_Exercise requirements_
Repeat the listing verbatim. Drop any pictures.

_Dataset content_
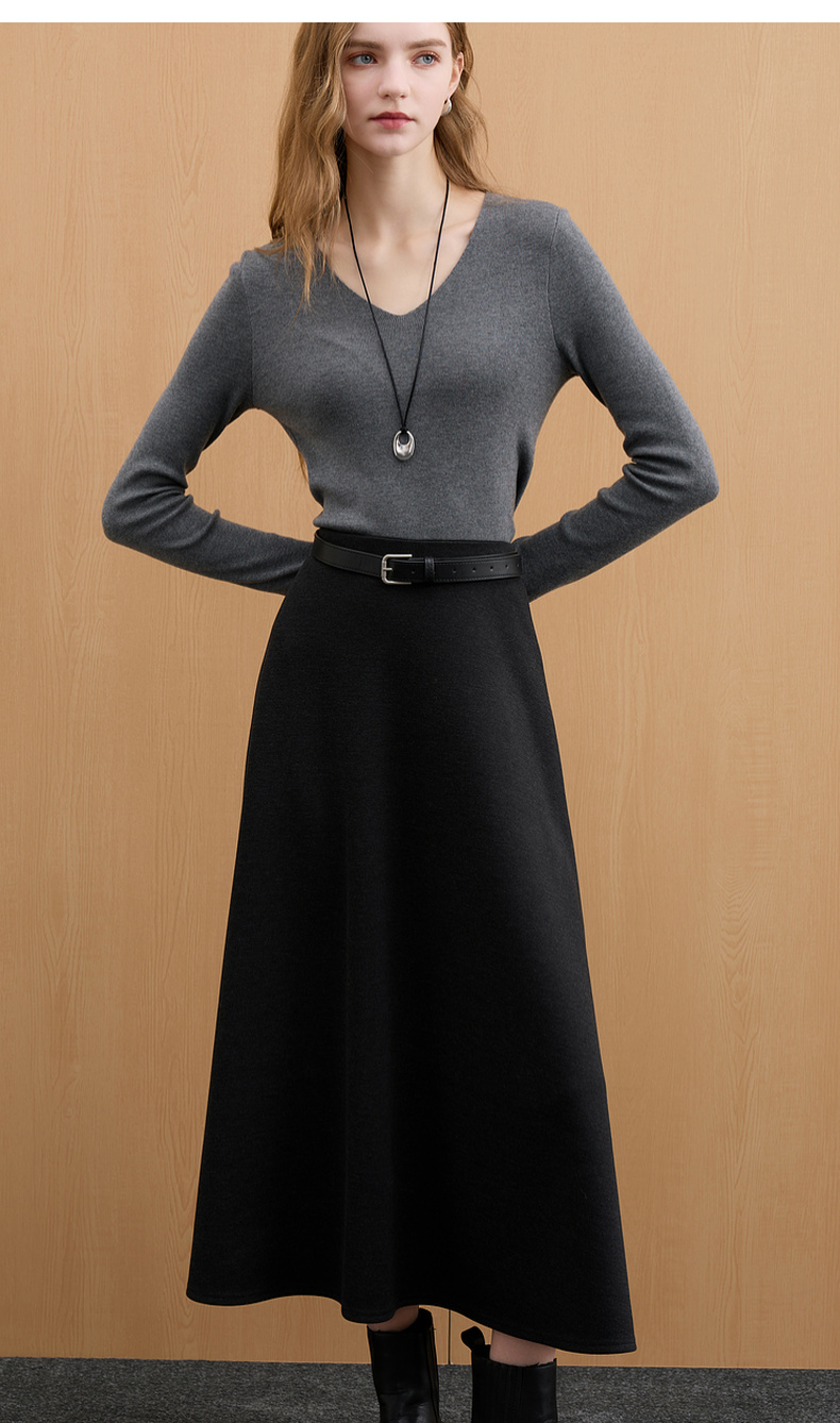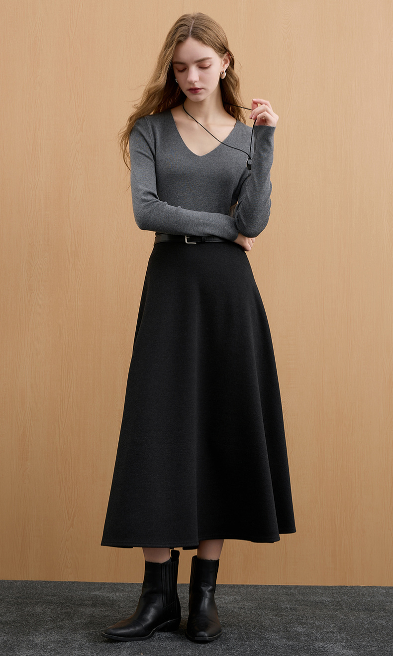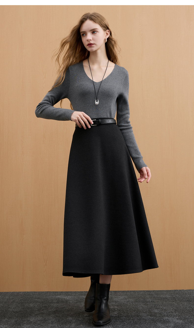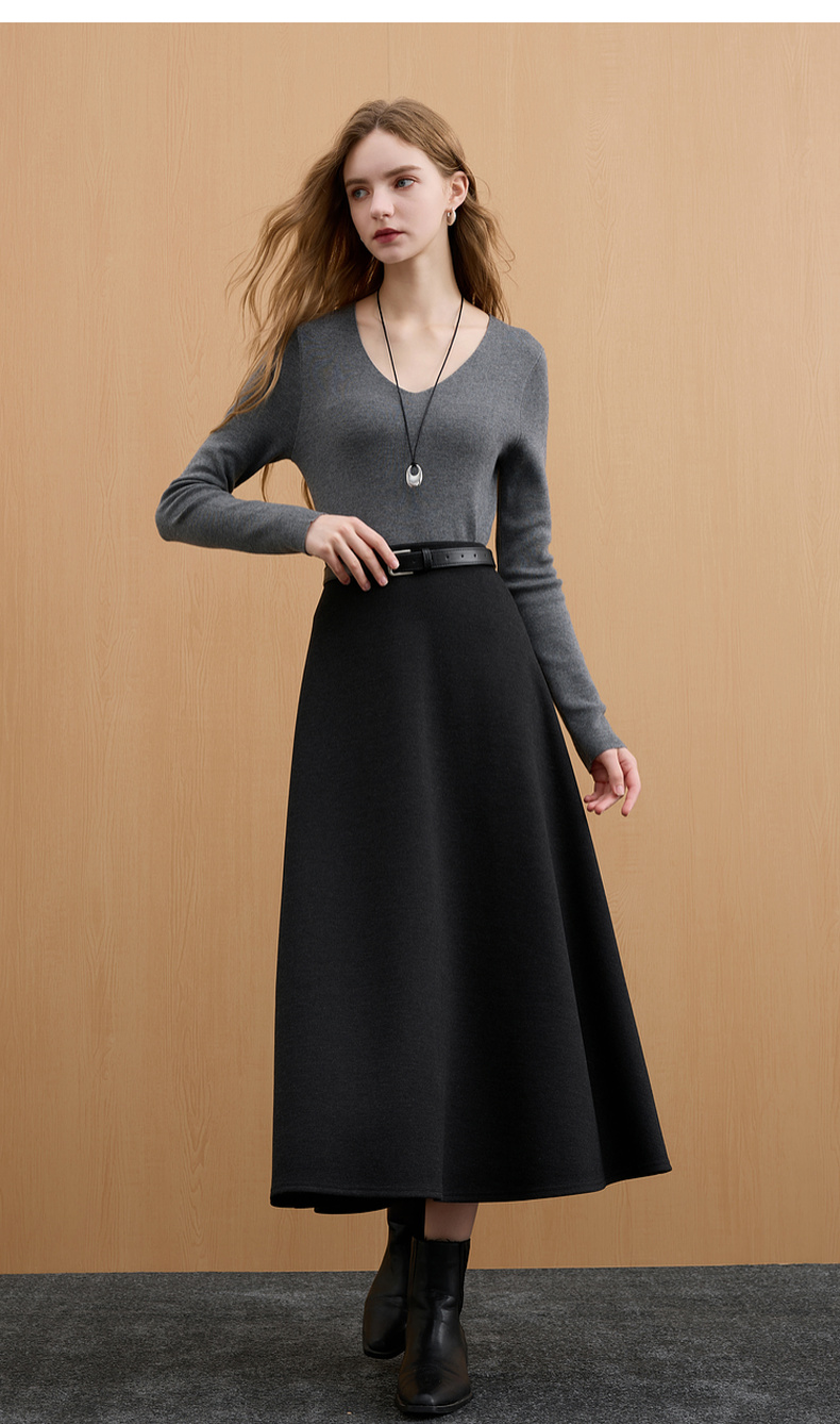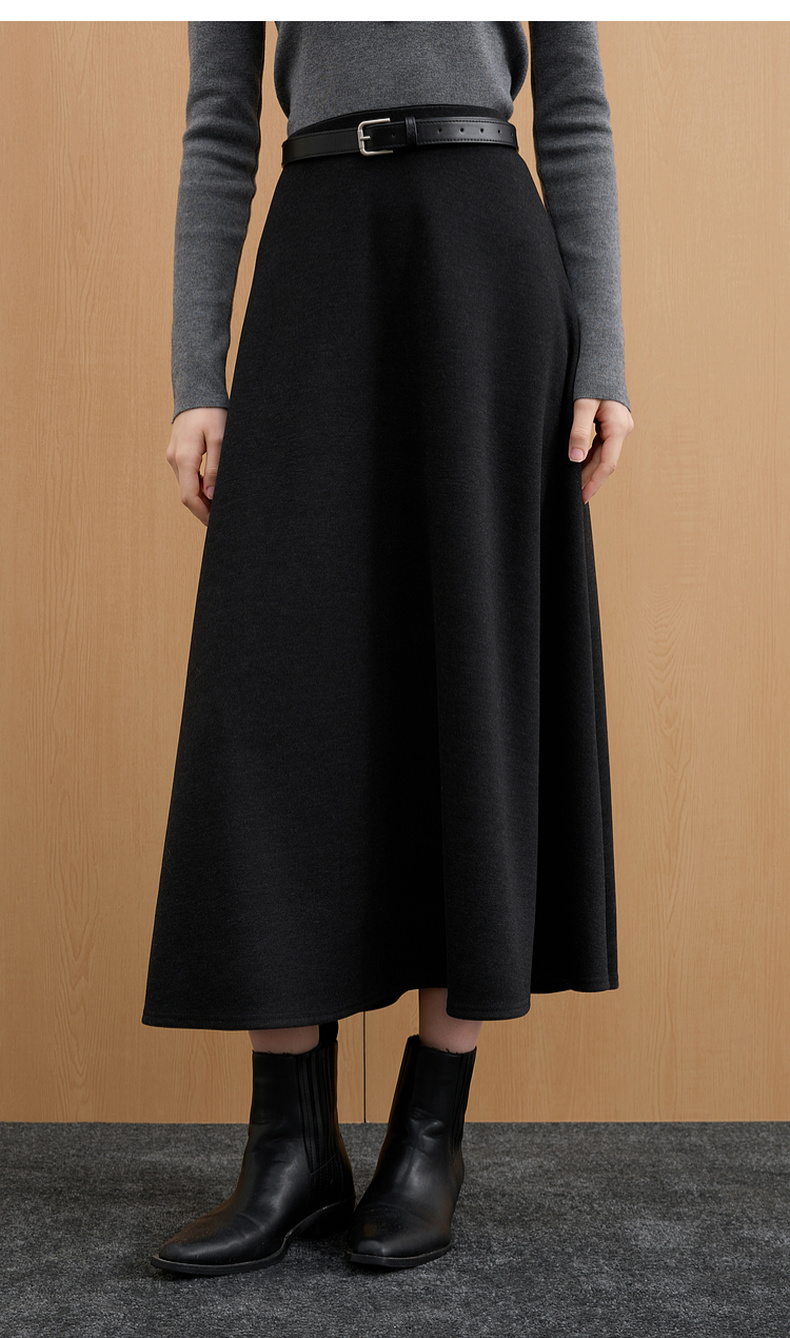 三彩2025冬季新款简约松紧高腰半身裙气质通勤A字裙长裙大摆M
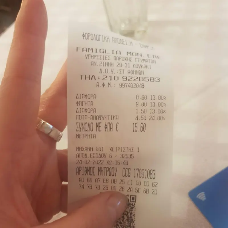 식사를 마치고 계산을 하니, 총 43유로가 나왔습니다. 훌륭한 음식과 친절한 서비스, 그리고 푸짐한 양을 고려하면, 매우 합리적인 가격이라고 생각합니다. 만약, 물과 관련된 실수가 있었다면, 주인장에게 직접 이야기하면 차액을 돌려받을 수 있습니다.
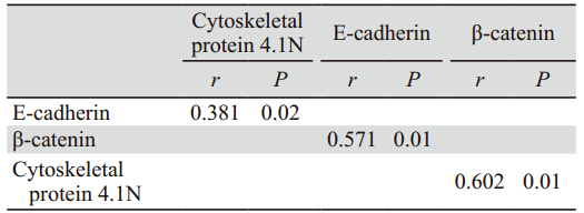 细胞骨架蛋白4.1N与E-cadherin之间的表达呈正 相关(r=0.381,P<0.05),与β-catenin之间的表达呈正 相关(r=0.602,P<0.05)。E-cadherin与β-catenin之间 的表达呈正相关(r=0.571,P<0.05),见表 3。
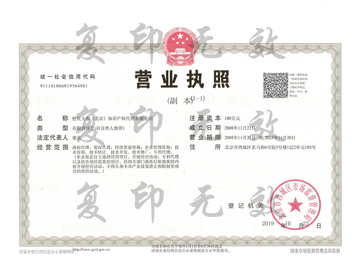 橙庆天和(北京)知识产权代理有限公司,成立于2012年6月,是一家新兴的以知识产权为主营业务的综合投资公司。本企业的宗旨是为企业知识产权的完善提供完美的解决方案,凭借庞大的人脉资源,特殊的社会资源及优越的政府资源为企业提供优良的服务。为企业保护自主品牌提高品牌知名度,节约生产成本,降低销售成本,为企业实现利润最大化提供帮助。

_Task response_
 三彩2025冬季新款简约松紧高腰半身裙气质通勤A字裙长裙大摆M
 식사를 마치고 계산을 하니, 총 43유로가 나왔습니다. 훌륭한 음식과 친절한 서비스, 그리고 푸짐한 양을 고려하면, 매우 합리적인 가격이라고 생각합니다. 만약, 물과 관련된 실수가 있었다면, 주인장에게 직접 이야기하면 차액을 돌려받을 수 있습니다.
 细胞骨架蛋白4.1N与E-cadherin之间的表达呈正 相关(r=0.381,P<0.05),与β-catenin之间的表达呈正 相关(r=0.602,P<0.05)。E-cadherin与β-catenin之间 的表达呈正相关(r=0.571,P<0.05),见表 3。
 橙庆天和(北京)知识产权代理有限公司,成立于2012年6月,是一家新兴的以知识产权为主营业务的综合投资公司。本企业的宗旨是为企业知识产权的完善提供完美的解决方案,凭借庞大的人脉资源,特殊的社会资源及优越的政府资源为企业提供优良的服务。为企业保护自主品牌提高品牌知名度,节约生产成本,降低销售成本,为企业实现利润最大化提供帮助。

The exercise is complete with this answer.